IGNFF: So it would have been less of a fairy-tale ending?

KURTZ: Much, much less. It would have been quite sad, and poignant and upbeat at the same time, because they would have won a battle. But the idea of another attack on another Death Star wasn't there at all ... it was a rehash of Star Wars, with better visual effects. And there were no Ewoks ... it was just entirely different. It was much more adult and straightforward, the story. This idea that the roller-coaster ride was all the audience was interested in, and the story doesn't have to be very adult or interesting, seemed to come up because of what happened with Raiders of the Lost Ark and the Indiana Jones films – and the fact that that seemed to make a lot of money and it didn't matter whether there was a really good story or not – that wasn't what this kind of film was about. We had serious differences about a lot of that.

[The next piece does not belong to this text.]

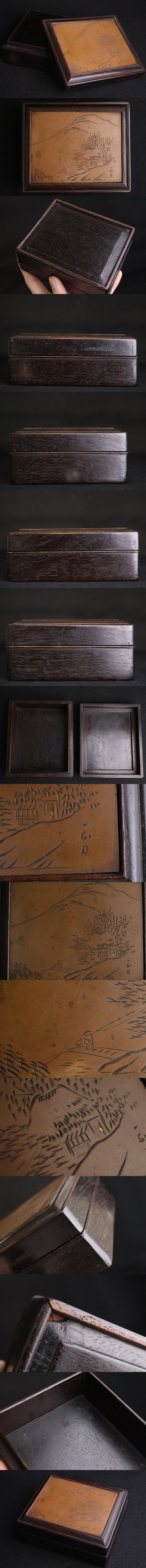TB526金属の彫金装飾 木箱 蓋物◇約4.6×12×10cm/在銘/木製/小箱/香箱/文箱/硯箱/山水/彫物/木工芸/時代/骨董/古美術/古道具タグボート 收藏
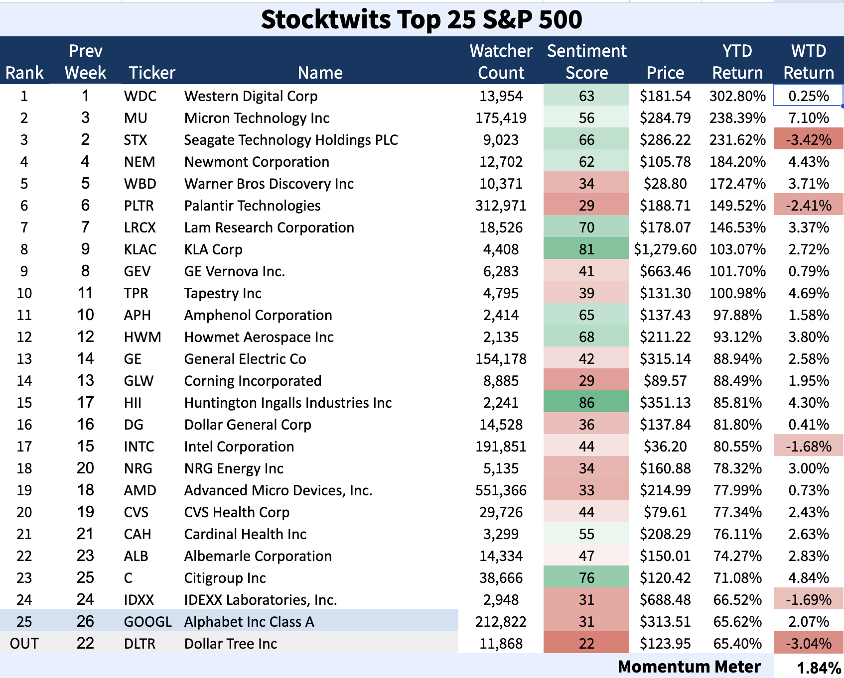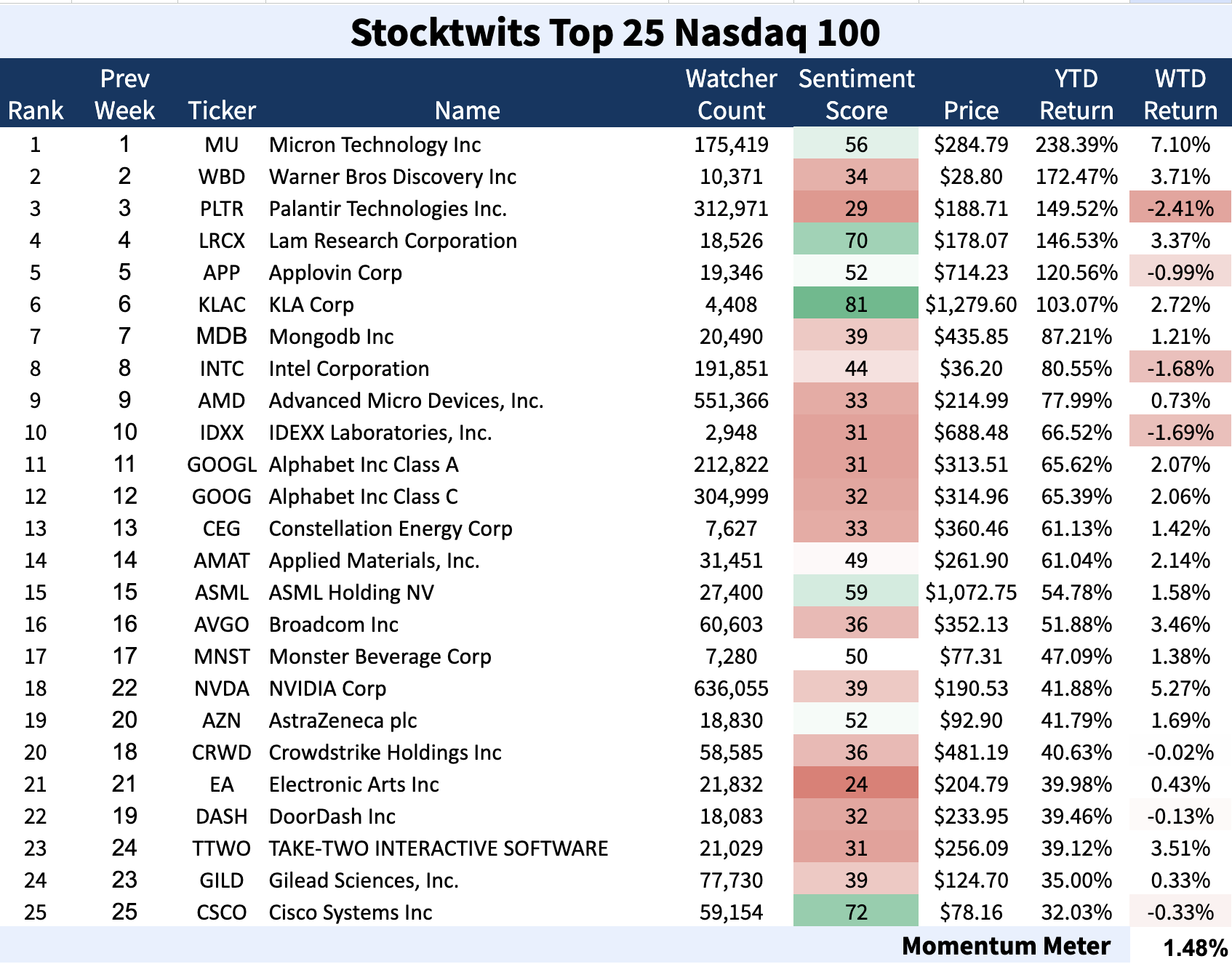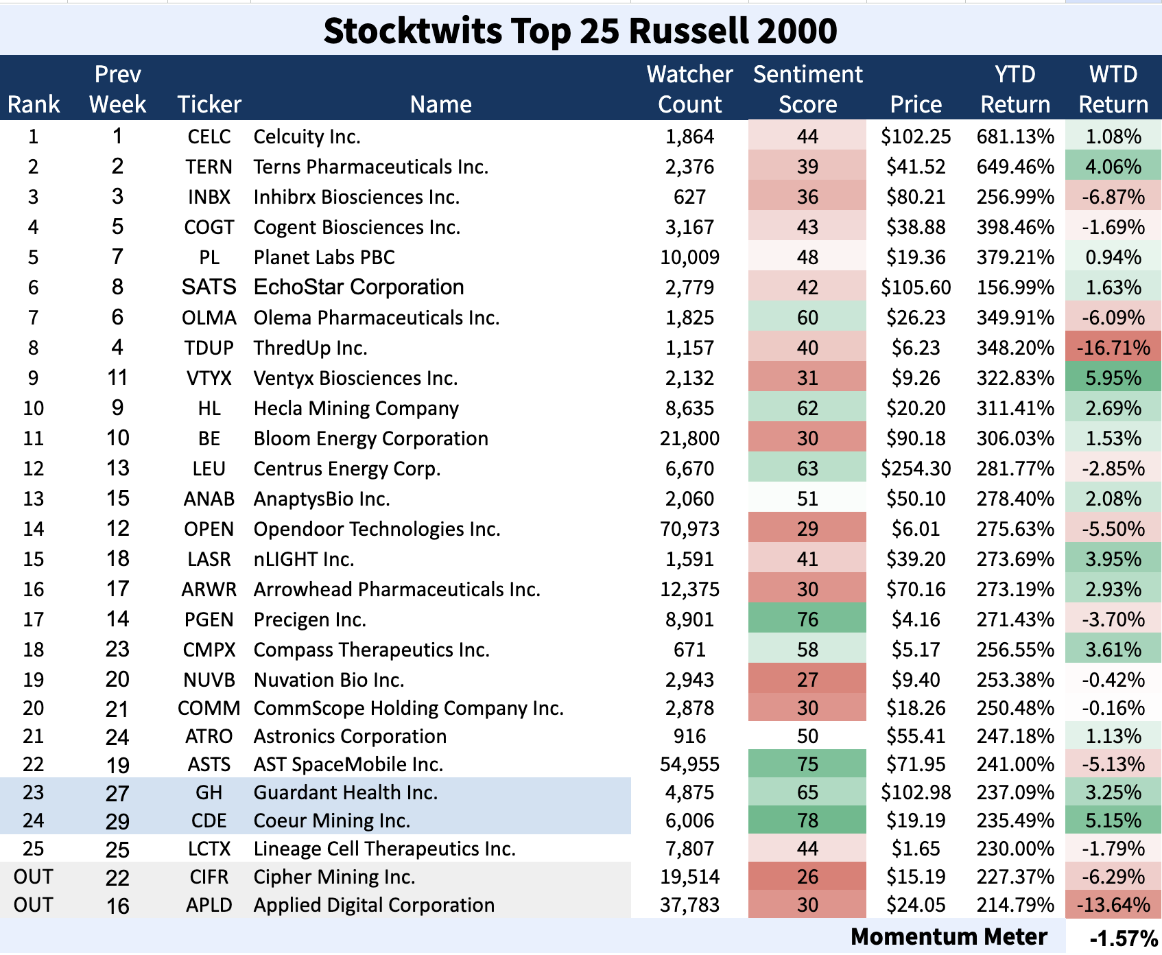 The Stocktwits Top 25 reports the 25 best-performing stocks in the S&P 500, Nasdaq 100, and Russell 2000 year to date and tracks their performances over time. To help you understand this data further, check out our FAQ page, and feel free to reach out if you have questions!

(KUTTZ: ) There's a lot of undercurrent in Star Wars that, if you take it on the surface, a four-year-old can really enjoy it – but there's a lot else going on, under there. In that sense it's multi-layered, and Empire is as well. That's the thing that bothered me a bit about Jedi and certainly about Episode I, is that those layers, those subtexts – they're all gone. They're not there. You accept what's there on the screen – it either works for you as a surface adventure, or it doesn't. But that's all there is. There's nothing to ponder.


KURTZ: I think probably for better. But, I don't know, because as I said, he had gotten into this mode of saying that the audience is interested in the rollercoaster ride and that he could make just as much money, and it doesn't have to be complicated, doesn't have to have as difficult a story. There are a lot of other people who do that all the time – that's they're kind of movie making philosophy, the sort of Jerry Bruckheimer approach to movies. A lot of Hollywood movies have been based on the idea that the story is the subtext of the action, so that's certainly nothing new. But it's not very satisfying, I don't think, personally. But, you can make a lot of money, and if that's what you want to do, then you do it that way.


I find this all rather interesting. First of all, who'd've thought it was Indiana Jones that ruined Star Wars and to be honest, I thought Raiders had that undercurrent Kutz speaks of. Maybe it wasn't as deep, but it was there, so why the hell Lucas thought it wasn't important baffles me.